Many will stay on by that time as they are "probably brainwashed", he said.

Chen said while most would think they are "strong and won't waver", the members of the organisation "can be very convincing and powerful if (one is) not careful".

He said: "Everything they say seemed to be backed up by scriptures and you can't argue with them because only they tell you it is a secret given to them by God and you will know at the right time."

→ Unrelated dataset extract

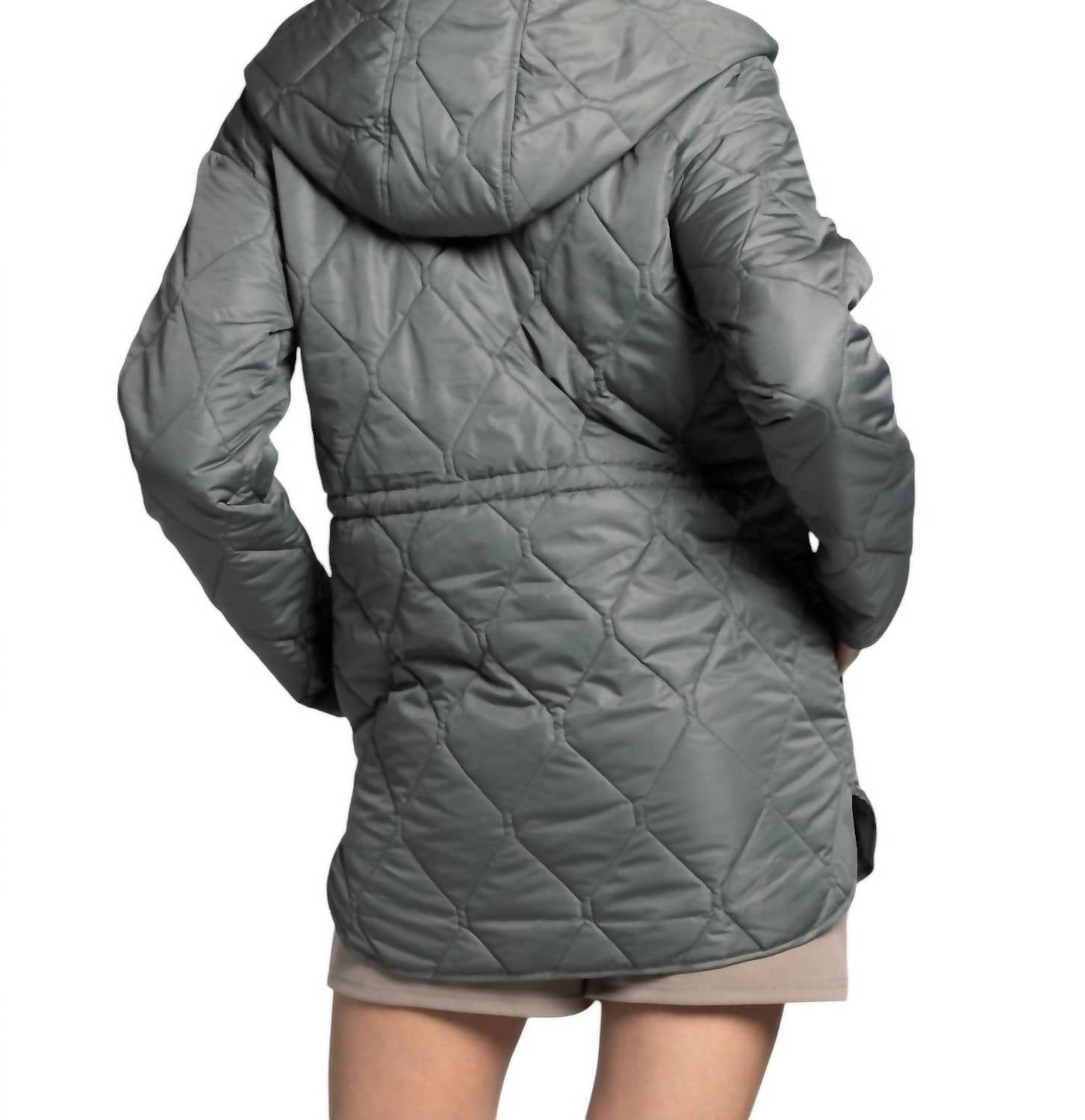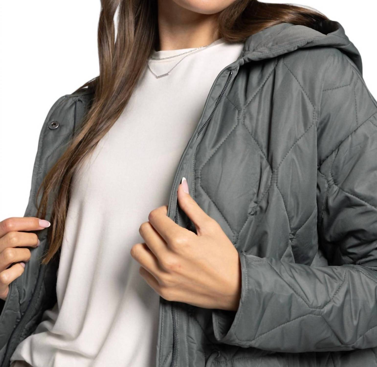 A riff on your favorite classic bomber jacket. Elevate your winter wardrobe with the Cecily Puffer Jacket by Thread & Supply, a must-have in a chic Smoked Jade hue. This patterned jacket boasts long sleeves and a practical attached hoodie, offering both style and warmth. Made from 100% quilted polyester, it features a versatile length of 32 inches and dual side pockets. Designed for convenience, the jacket includes a zipper front closure with snap buttons and an adjustable drawstring waist. Care for it with a machine wash in cold water.

Teachers will try to get close to the students and gain their trust

He also said the members will "start to be very personal" in order to gain the students' trust, such as inviting students to their homes, and telling the students that they did not do the same for other students, in order to make them feel "special".

In addition, he claimed the teachers would meet with the students regularly in order to ease themselves into the latter's lives.

He said: "They will target your vulnerabilities after getting to know you."

He further claimed that many teachers told them that if not for the "Revealed Word" — a term Chen explained to refer to revelation from God — they would have "committed suicide, became crazy, or found life (to be) meaningless".

Started having suspicions when he saw news on SCJ

Chen told Mothership he realised the bible studies he had been attending was a cult when he saw the news on SCJ, and thought their teachings and recruitment methods were similar to what he had experienced.

He said: "I had my suspicions because this organisation was being very secretive and how their teachings are always about the same point."

Chen has since stopped going for the classes in February 2020, and is simply attending services and activities at his own church.